My next call was to Mr. Miller, the trustee. I asked why this was taking so long. He expressed little sympathy for the account holders. He said he had not heard back from the I.R.S. on his request to terminate the company’s 401(k) in the summer of 2009.
“We do everything by the book,” he said. “We filed the paperwork timely, and we’re waiting.” He added that distribution delays like those experienced by Penn Specialty account holders were pervasive among small-company 401(k) plans. “I have at least seven or eight in this status,” he said.
A spokesman at the Labor Department confirmed that its Employee Benefits Security Administration was investigating the Penn Specialty case as part of an enforcement project targeting 401(k) plans whose sponsors have filed for bankruptcy.
The unit investigates whether plan contributions have not been paid, files legal claims to protect plans’ assets and ensures that fiduciaries properly distribute assets to participants when a 401(k) is terminated. For the six months ended March 31, the employee benefits administration generated some $80 million through the enforcement project, the spokesman said, most of it as recoveries to be paid to 401(k) owners.

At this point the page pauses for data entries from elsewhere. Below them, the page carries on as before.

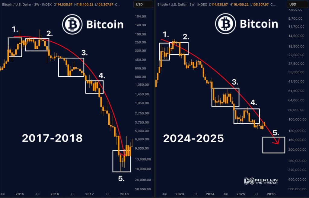 - Trader Merlijn The Trader believes Bitcoin is following the same playbook it used during the 2017–2018 crash. Looking at long-term three-week charts, he’s spotted what he calls striking similarities between then and now—five distinct phases that could mean we’re heading into the final painful leg down before things turn around.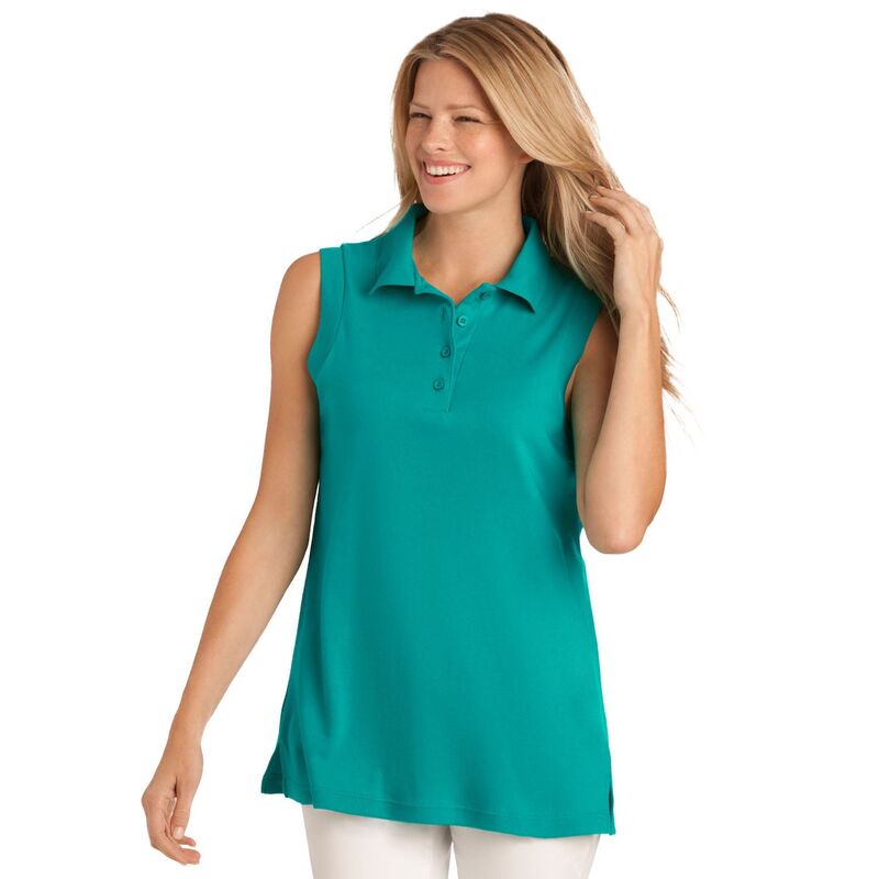 ウーマン ウィズイン レディース トップス Tシャツ ポロシャツ プラスサイズ ノースリーブ Woman Within Women's Plusize Sleeveless Polo Tunic Waterfall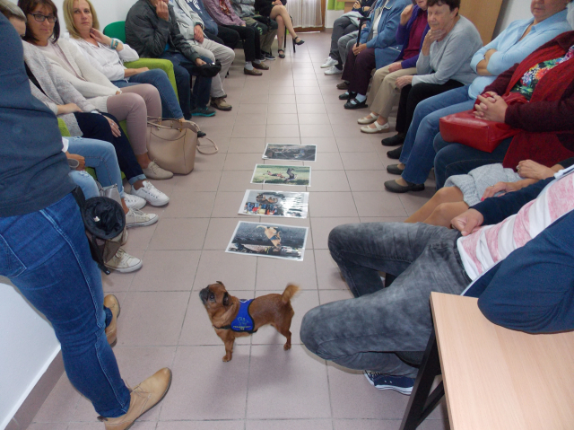 Lektorka Mgr. Adéla Kubalíková pohovořila o dobrovolnictví a jeho oblastech, jak pomáhají zvířata lidem, dále o přípravě canisterapeutického týmu a samotném zapojení v zařízeních při canisterapii. V průběhu přednášky si hosté mohli pohladit či pomazlit psa Agátku a na závěr canisterapeutický tým ukázal, jak zapojují klienty v praxi.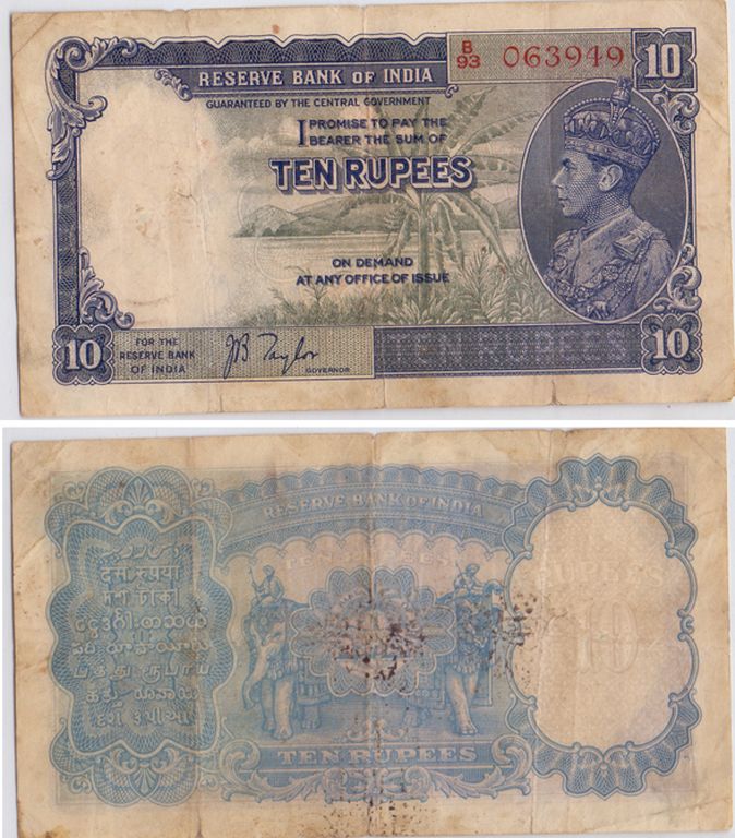 Category Rest of World Banknote Lot number 806 Starting Bid 4000 Lot Pictures British India 1937 KGVI 10-Rupees P-19a sign J.B Taylor F-VF.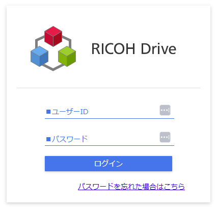 Ricoh Driveログインページにて、メールアドレス・パスワードを入力し、ログインします。
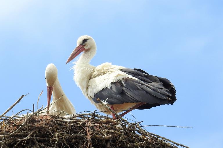 Keywords: stork stork couple nest storchennest storks feather sky blue
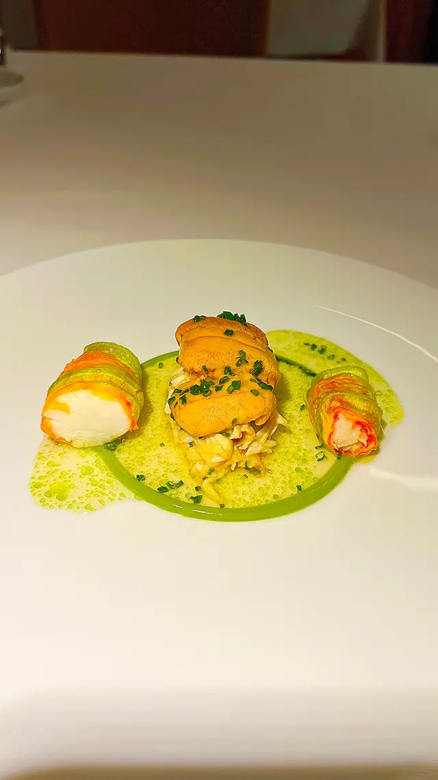 廢話少講/米芝蓮3星廚師主理/晚餐只有一個menu/5個course全部二揀一/再加petit fours/用咗好多新鮮日本🇯🇵食材嘅意大利🇮🇹餐廳✨DEGUSTATION MENU - $1,880/人🥖宜家sourdough基本上係梗局/但要提嘅係點麵包嘅橄欖油同醋/非常之香/醋帶有微微酒味/入口淡淡咁散出嚟又唔會太搶🐠amuse bouche係嚟自日本「魔鬼魚」 面珠墩/白露筍整嘅foam真係提升咗成件事/入口好鮮甜 🦀WARM KING CRABzucchini trombetta/ sea urchin/ fennel tomato jus第一道菜就已經大啖肉/鮮味十足/最正係冇殼/雖然講到明係warm/同埋呢個好肯定係大部份亞洲人嘅習慣或者習性問題/係好味嘅/只係個溫度有啲奇怪感/似係屋企留餸攤凍咗咁嘅溫度咁✨LANGOUSTINEblack maitake mushroom / langoustine juslangoustine juice真係超正/海鼇蝦配椰菜同菇/個人略嫌個菇味比較搶咗focus🦐ARISANAL LINGUINE"carabinero calidad suprema" red prawn / Mazara prawn sauce嚟自西班牙嘅大蝦手工扁意粉/亦都係本次嚟嘅目的/真係好食又好打卡able/湯汁充滿甜味同鮮味/蝦膏爆晒出嚟亦都好正/視覺味覺一流🍚WHITE MAITAKE MUSHROOM RICE用咗山形米/加埋啲白舞茸菇/離遠已經聞到好香/好在有得添飯🤩🦆CHALLANS DUCKbeetroot / spice duck jus / donabe matsutake mushroom ricemedium rare鴨肉/個皮先係重點/一邊脆一邊淋非常之正/而beetroot認真地可以寫包單/係眾多finedining入面數一數二易入口嘅✨ZABAIONEpre-dessert係無花果沙巴翁/都真係第一次食熱嘅無花果/香醇得嚟/亦都係國際慣例主菜之後清一清🍑PEACH AND TONKA BEANmarinated peach / tonka bean parfait / peach sorbet / yuzu gel呢個parfait創意唔錯/擺盤亦都好靚/yuzu gel好清新提昇咗層次🍫PETIT FOURS成㗎車隊埋嚟畀你任揀/真係樣樣都好吸引湯/推薦嘅係whisky chocolate同埋唔記得名嘅cookies❌唯一挑剔嘅位係水漬/餐具上面有/同埋天花冷氣出風位周邊都有明顯污痕不過整體嚟講/喺香港摘星指日可待🔥🌟提提你1️⃣可能少人嘅關係/感覺上冷氣比較大/記得帶定摟喇2️⃣餐廳主要係以松露/菇菌類入饌/咩gas味嗰啲全部可以出翻去3️⃣外國人煮意粉嘅al dente/食唔慣可以嘗試提出/不過我諗意大利人睬你都傻/但都並唔係代表意粉未熟甚至係小人地畀生嘢你食/隔離枱投訴意粉未熟好硬食唔到/真係黑人問號❓4️⃣蝦頭啲膏真係唔好嘥/擺落個碗度撈埋啲意粉真係一流推薦猩:🦧🦧🦧🦧🦧環境舒適度:🍴🍴🍴🍴🥢TUBER Umberto Bombana🇭🇰尖沙咀梳士巴利道18號K11 MUSEA 1樓113A號舖…查看更多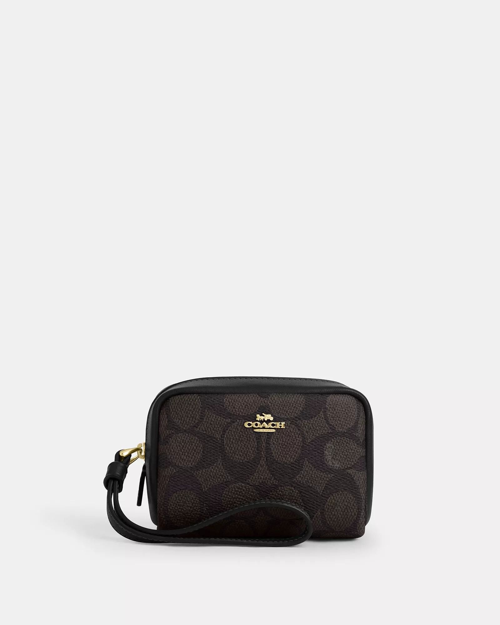 Este elegante monedero Coach combina la resistencia del canvas con la elegancia del color chocolate y placa dorada. Además, cuenta con una correa ajustable que lo hace práctico para cualquier ocasión. Un accesorio hermoso y duradero para llevar tus objetos de valor con estilo.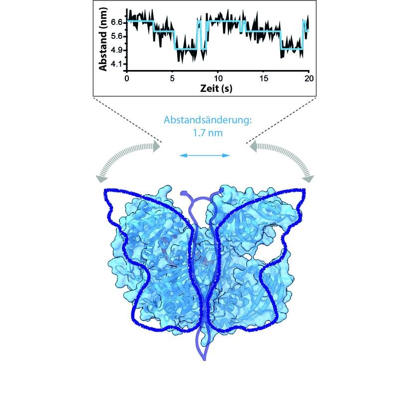 Dass Argonaute2 aus zwei „Proteinflügeln“ aufgebaut ist, wusste man schon lange. Dem Team ist es nun aber gelungen, einen Farbstoff ortsspezifisch in die jeweiligen Flügel des Argonaute2-Proteins zu koppeln, was eine Grundvoraussetzung für zeitaufgelöste FRET-Messungen ist. Mit FRET kann man den Abstand zwischen diesen Farbstoffen mit Nanometerpräzision vermessen. Dazu nutzt man die Möglichkeit, dass einer der Farbstoff gezielt angeregt werden und dann seine Energie auf den benachbarten Farbstoff übertragen kann, sodass ein Lichtsignal des benachbarten Farbstoffes detektiert werden kann. Die Effizienz dieses Energietransfers zwischen den Farbstoffen hängt direkt vom Abstand der Farbstoffe ab. Mithilfe dieser FRET-Technik konnte das Team nun in Echtzeit unter dem Mikroskop beobachten, dass die Proteinflügel von Argonaute ähnlich wie bei einem Schmetterling auf- und zuklappen. Sobald jedoch Argonaute eine kleine RNA bindet, arretieren die Flügel in einer Position. Der Flügelschlag beträgt dabei nur knapp zwei Nanometer. Eine Beobachtung der Dynamik von humanen Argonaute2 war in dieser Weise noch keiner Gruppe auf der Welt gelungen. Die Studie zeigt außerdem, dass eines der Enden der kleinen gebundenen RNA bei Bindung einer komplementären Boten-RNA von einem der Argonaute-Flügel entlassen wird. Soll der Argonaute-RNA-Komplex in der Zelle abgebaut werden, wird dagegen der RNA Duplex in einer sehr ungewöhnlichen Konformation positioniert, sodass die RNA für Nukleasen zugänglich wird und degradiert werden kann. Auch das Argonaute2-Protein selbst wird in diesem Prozess abgebaut. Die Studie profitierte nicht zuletzt von der u.a. im SFB960 gebündelten RNA- und Argonaute-Expertise der Gruppen von Prof. Dr. Grohmann und Prof. Dr. Meister am Standort Regensburg.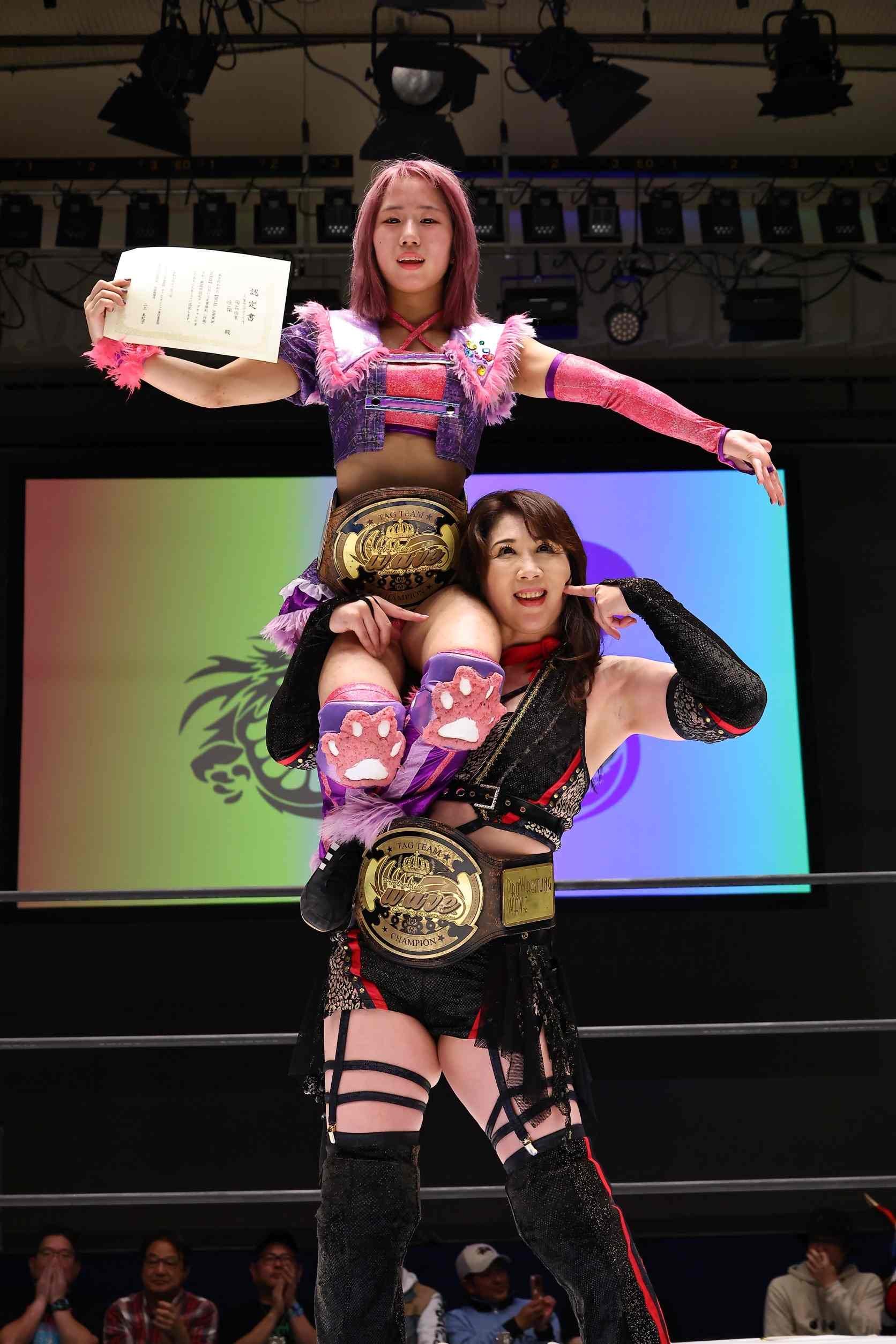 一方で誕生時からの成長を知る子がやがて同じリングに立ち、初のチャンピオンベルト獲得のパートナーとして共闘した桜花。数々のタイトルを獲得した百戦錬磨のレスラーにとっても特別と感じる試合であった。

YOU would hope that all of this waiting is an anomaly, but the discussion with Mr. Miller suggests that it isn’t. It is certainly true that a large majority of 401(k) plans are sponsored by small companies; some 87 percent of plans nationwide have, like Penn Specialty’s, fewer than 100 participants, according to the Labor Department.
For Mr. Iyer, the whole affair hasn’t just frustrated his retirement plans. It has made him wary of 401(k)’s.
“I tell everyone I know, ‘Do not trust this 401(k) at all,’ ” he said.